But Prime Kirk likely had other commands before getting the Enterprise. Dehner mentions a 'first command' in "Where No Man..."

Plus, Picard got the Stargazer at twenty-eight.
 
But Prime Kirk likely had other commands before getting the Enterprise. Dehner mentions a 'first command' in "Where No Man..."

Plus, Picard got the Stargazer at twenty-eight.

Neither of those men necessarily had to have the RANK of Captain when they had the position of it. Kirk Prime could have received his first command as a Commander or Lieutenant Commander. Same for Picard. (We saw this happen with Dax on DS9. When she commanded the Defiant, she was addressed as Captain, yet she was a LCDR by rank.)
 
But Prime Kirk likely had other commands before getting the Enterprise.
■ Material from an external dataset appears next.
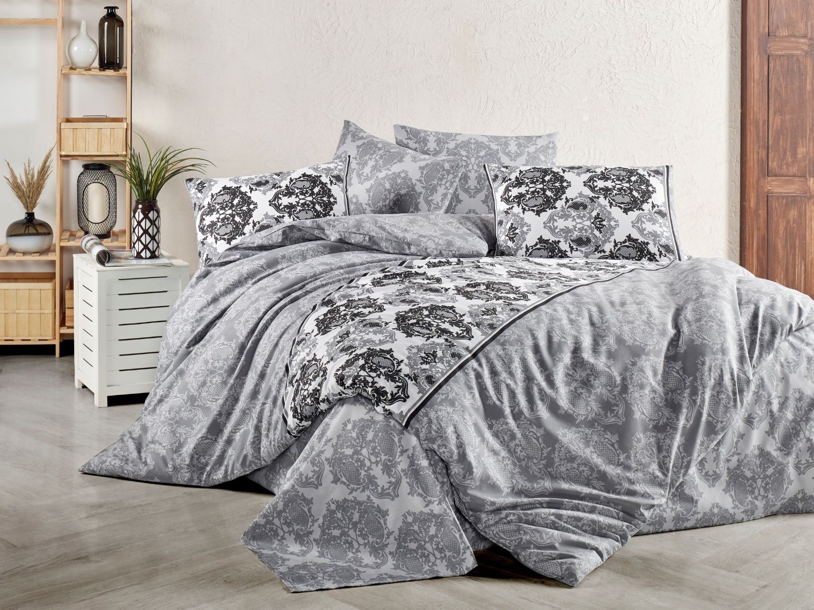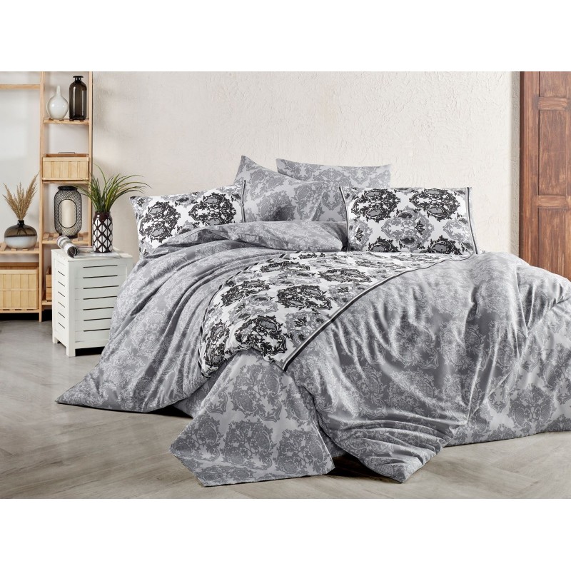 Transformez votre chambre en un sanctuaire de style et de confort avec notre magnifique ensemble de literie. Cette collection élégante est conçue pour élever votre espace, présentant une esthétique sophistiquée qui s'harmonise parfaitement avec tout décor. Les motifs damassés complexes dans des nuances variées de gris et de noir créent un impact visuel saisissant, en faisant le choix parfait pour ceux qui apprécient le luxe. L'ensemble de literie comprend des composants essentiels : une housse de couette, un drap-housse et plusieurs taies d'oreiller adaptées aux oreillers standard et plus grands. Chaque pièce est fabriquée à partir d'un mélange de tissus doux et lisses en polyester ou en coton, garantissant une durabilité durable tout en offrant une sensation accueillante contre votre peau. La texture moelleuse améliore le confort global de votre expérience de sommeil. Ce versatile ensemble de literie dispose d'une housse de couette réversible, un côté présente des motifs noirs audacieux sur un fond blanc éclatant, tandis que l'autre met en avant des motifs gris subtils. Ce design dual vous permet de changer facilement l'apparence de votre chambre selon votre humeur ou la saison. La palette de couleurs—allant d'un argent clair à un charbon profond—associée à des accents blancs éclatants ajoute non seulement de la profondeur mais garantit également que cette literie complète divers styles d'intérieur, du chic contemporain à l'élégance classique. De plus, la bordure coordonnée le long des bords de la couette et des taies d'oreiller améliore son apparence soignée. Prendre soin de cet ensemble de literie magnifique est simple, il est probablement lavable en machine pour un entretien facile. Idéal pour les chambres principales ou les chambres d'amis, cette collection offre à la fois style et praticité sans compromettre le confort. Élevez votre décoration de chambre aujourd'hui avec notre superbe ensemble de literie !

Dehner mentions a 'first command' in "Where No Man..."

Plus, Picard got the Stargazer at twenty-eight.

But neither of those men necessarily had to have the RANK of Captain when they had the position of it. Kirk could have had his first command as, say, a Commander or Lieutenant Commander. Same for Picard. We just don't know for sure.

No we don't. But I would point to TMP as evidence that rank doesn't matter when captaining a starship. Admiral Kirk wore captain's stripes when he took over command of the Enterprise.

Captains may simply wear captains stripes when assigned command. Or maybe not. But Kirk being a "captain" doesn't really destroy the movie for me.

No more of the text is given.